Казачий разъезд шагом проехал мимо нас. Рабочие у ворот замолчали. Казаки на них и не взглянули. А вот рабочие… так и вижу их лица, как они смотрят вслед разъезду!..

…Лежу я, всё это вспоминаю, уж и не слышу, о чём папа с мамой говорят. А перед глазами — Сима… рабочие… казаки… сердитое лицо батюшки…

Потом всё перемешалось, и я не заметила, как уснула.

Вдруг слышу сквозь сон, будто кто-то мою подушку двигает. Открываю глаза — мама надо мной наклонилась, вся бледная, глаза большие, что-то под подушку суёт. А в соседней комнате шаги тяжёлые топают, голоса мужские…

— Мама, — шепчу, — кто там?

— Обыск, деточка. Полиция. Ты спи, авось тебя не тронут.

Не успела мама подняться, входят двое в комнату. А мама:

— Пожалуйста, — говорит, — тут потише. У нас ребёнок больной.

А грубый голос отвечает:

— Ладно! Чего это у вас все ребята хворают? Куда ни придёшь с обыском, всё ребенок больной.

Я лежу ни жива ни мертва, глаза закрыла, будто сплю. Из соседней комнаты кто-то кричит:

— Сначала здесь осмотрим. Всех из той комнаты сюда!

— А тут только хозяйка, да ещё ребёнок спит.

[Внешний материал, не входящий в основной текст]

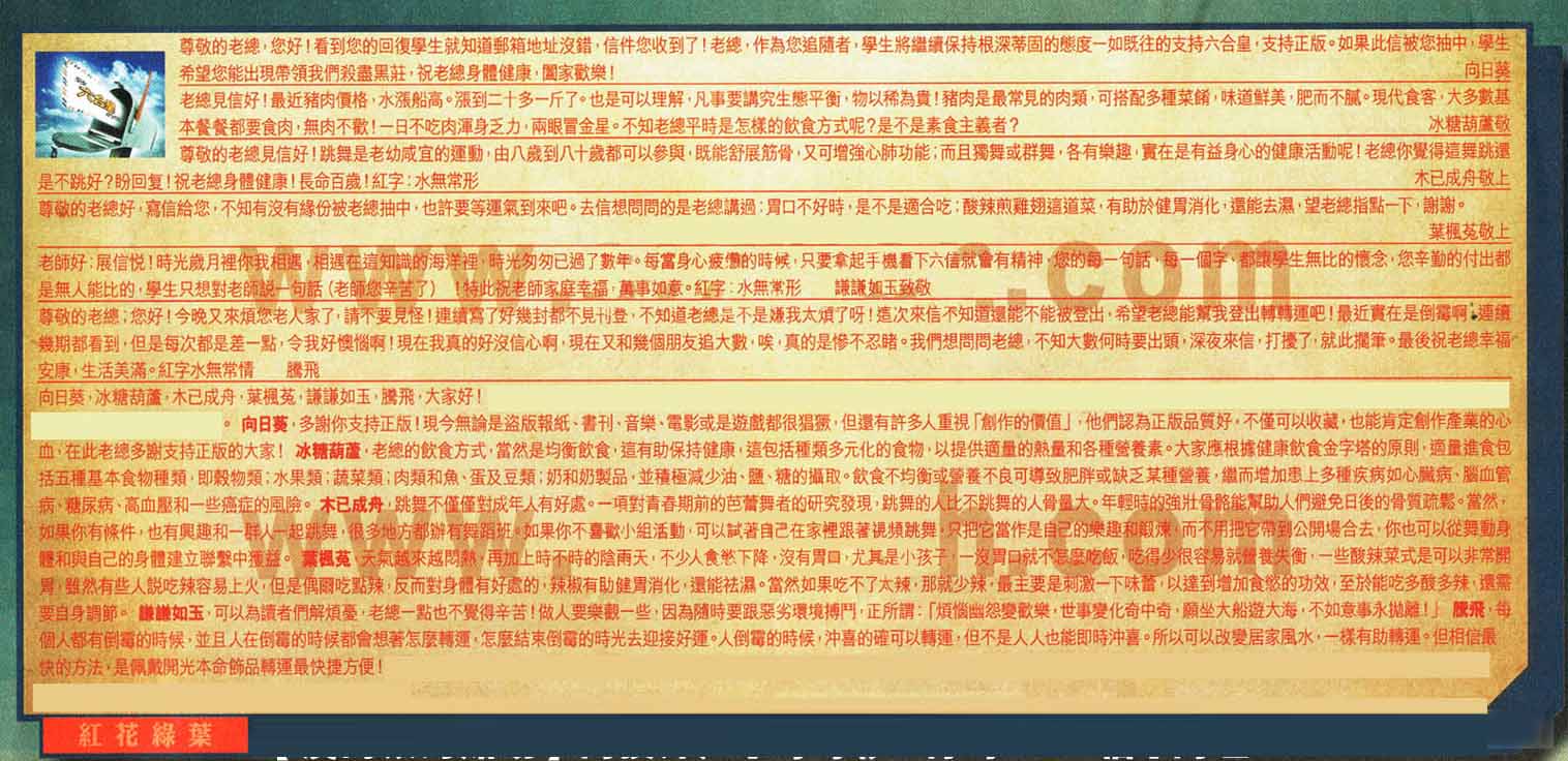 【1】尊敬的老總,您好!看到您的回復學生就知道郵箱地址沒錯,信件您收到了!老總,作為您追随者,學生將繼續保持根深蒂固的態度一如既往的支持六合皇,支持正版。如果此信被您抽中學生希望您能出現帶領我們殺盡黑莊,祝老總身體健康.闔家歡樂!---向日葵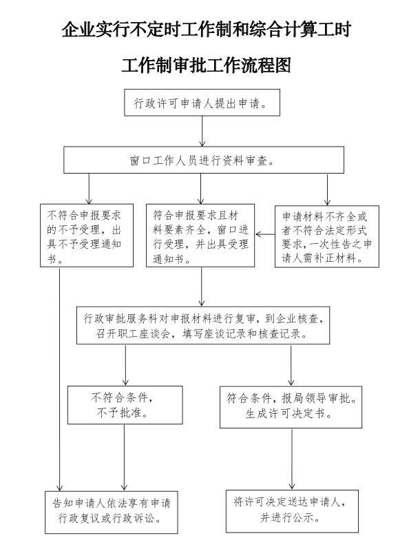 三、办理对象:美高梅娱乐城市行政区域内确因生产经营特点或者工作性质不能实行"劳动者每日工作不超过8小时、每周工作不超过40小时"的用人单位,经申报、批准可以实行综合计算工时工作制或者不定时工作制。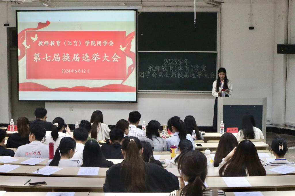 为进一步加强我院学生干部队伍建设,促进团学会工作的顺利开展,6月12日晚,教师教育(体育)学院于A5阶梯教室举行了团学会第七届换届选举大会。辅导员阎宝莹、徐薇、朱浩楠、梁鈨、朱佳婧、屈佳妮,团学会主席团以及各候选人、各班代表参加本次换届选举大会。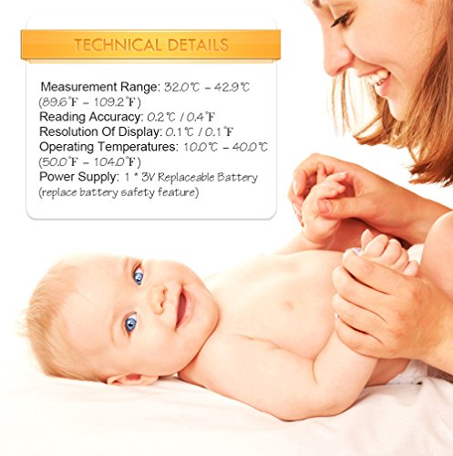 - 2。【高速正確な】1秒で測定するインスタントでクレイジー・フロッグを考慮し、精度は± 0.2 ℃です0.4 °Fくださいされたことがないん子」を参照してください。簡単でも、で、背面の目的と、温度を示すLCDディスプレイが読みを簡単に見つけられます。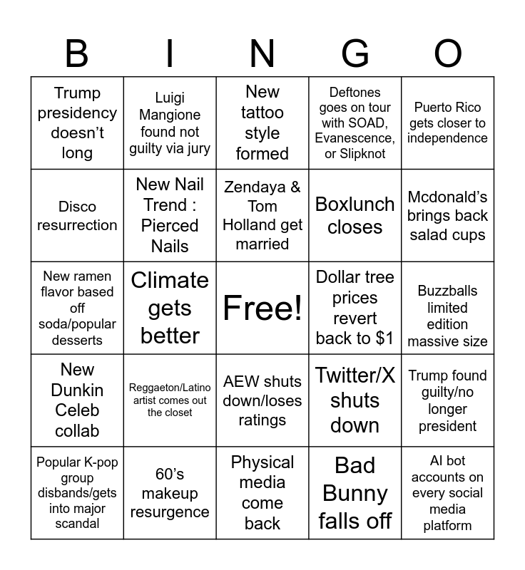 This bingo card has a free space and 24 words: Popular K-pop group disbands/gets into major scandal, Reggaeton/Latino artist comes out the closet, Zendaya & Tom Holland get married, Bad Bunny falls off, Puerto Rico gets closer to independence, Trump presidency doesn’t long, Luigi Mangione found not guilty via jury, New tattoo style formed, Dollar tree prices revert back to $1, Buzzballs limited edition massive size, New ramen flavor based off soda/popular desserts, New Nail Trend : Pierced Nails, Twitter/X shuts down, Trump found guilty/no longer president, Disco resurrection, 60’s makeup resurgence, Physical media come back, Deftones goes on tour with SOAD, Evanescence, or Slipknot, Mcdonald’s brings back salad cups, New Dunkin Celeb collab, Climate gets better, AEW shuts down/loses ratings, Boxlunch closes and AI bot accounts on every social media platform.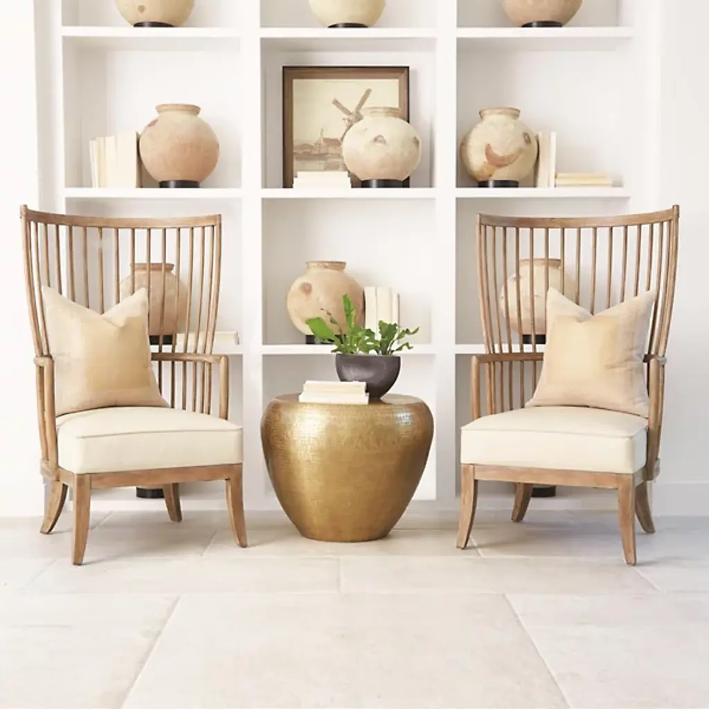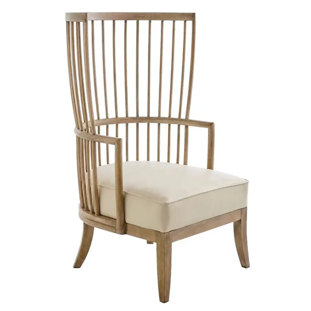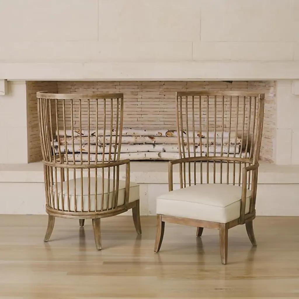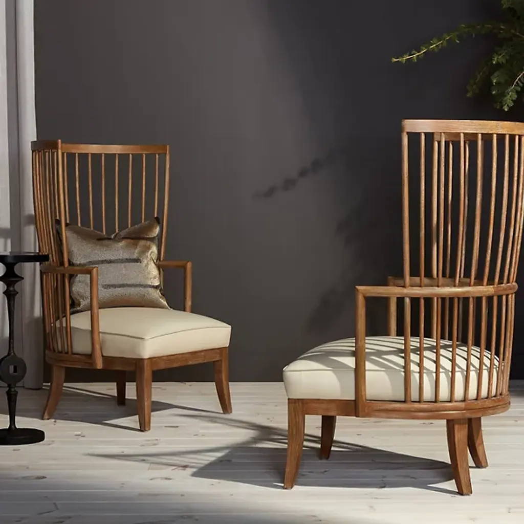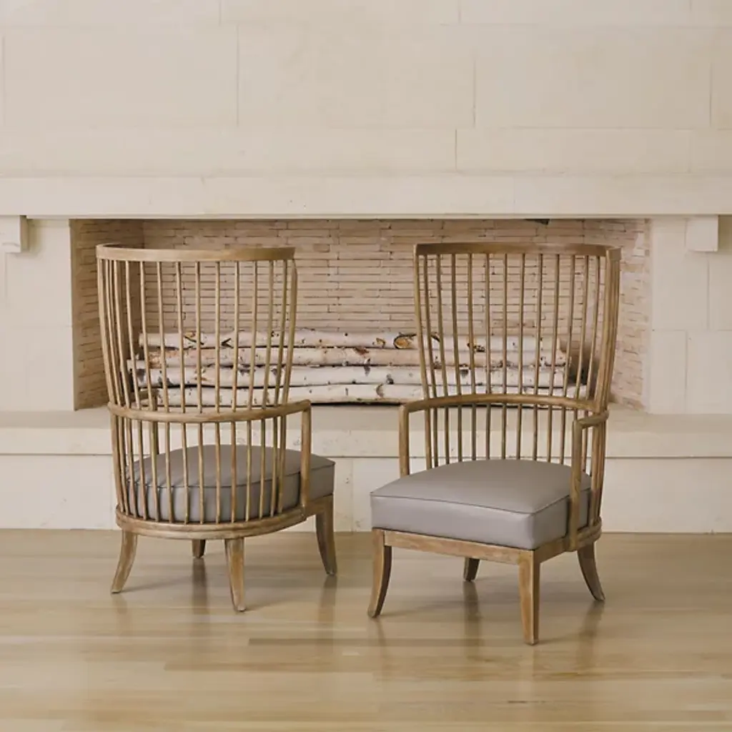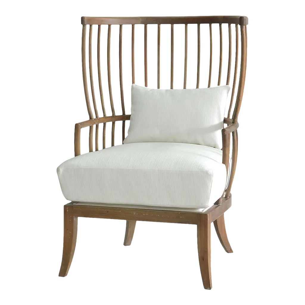 Provide a stately, rustic appeal to interiors with the Spindle Wing Chair from Global Views. An inspired spin on Shaker-style seating, it sweeps up from curving legs, placing a soft cushion inside a curving back with slim upright accents. The frame is in beechwood, contrasting its slender verticals with the prominent padding on the seat, providing an intriguing character that draws the eyes naturally to the accessible and encompassing seat.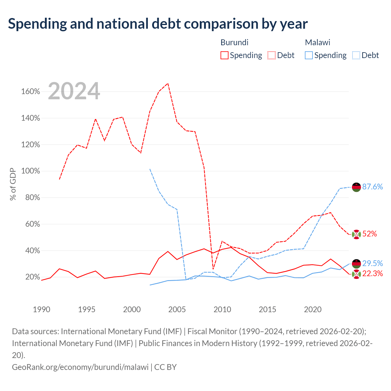 Burundi has $1.6B in government debt (52% of GDP), compared to $9.91B (87.6% of GDP) in Malawi.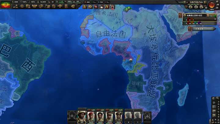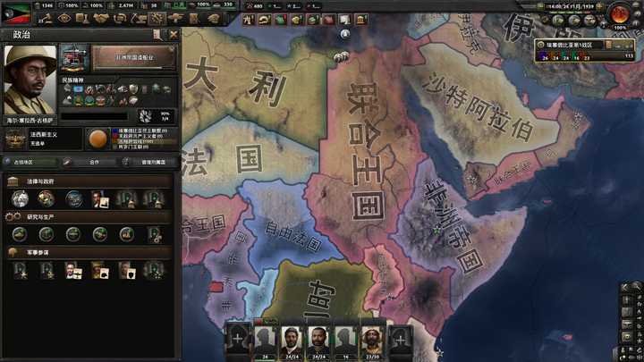 埃塞的红线点到底(皇帝线也有一个分支应该也能成立)。通过煽动殖民地独立,把非洲各国拉进理事会,可以将其整合成傀儡国并获得其核心。理论上可以获得整个非洲的核心,但是PP花费巨大,正常玩估计得攒到21世纪。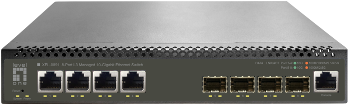 The LevelOne XEL-0891 is a high-performance Layer 3 Managed 10-Gigabit Switch with 8 × 100M/1G/2.5G/5G/10G RJ45 ports and 4 × 1G/2.5G/10G SFP+ slots. It offers flexible CLI/web management with SNMP, and supports advanced Layer 3 features including IPv4/IPv6 Static Routes, RIP v1/v2, OSPF v2 and BGP-4. the XEL-0891 delivers robust performance and scalability—an ideal solution for SMBs, workgroups, and edge network deployments seeking efficient and cost-effective expansion.

— Ребёнок пусть спит, а хозяйку сюда.

Вышли все и дверь затворили.

Открыла я глаза, вся дрожу. На столе лампа горит, ужин со стола не прибран, постели не смяты. Видно, ещё не ложились спать… А за дверью шаги, голоса.

Дух захватило. Ведь не маленькая, понимаю же:

найдут на квартире у наборщика шрифт, — ясно же, для чего ему шрифт… Плохо будет папе!..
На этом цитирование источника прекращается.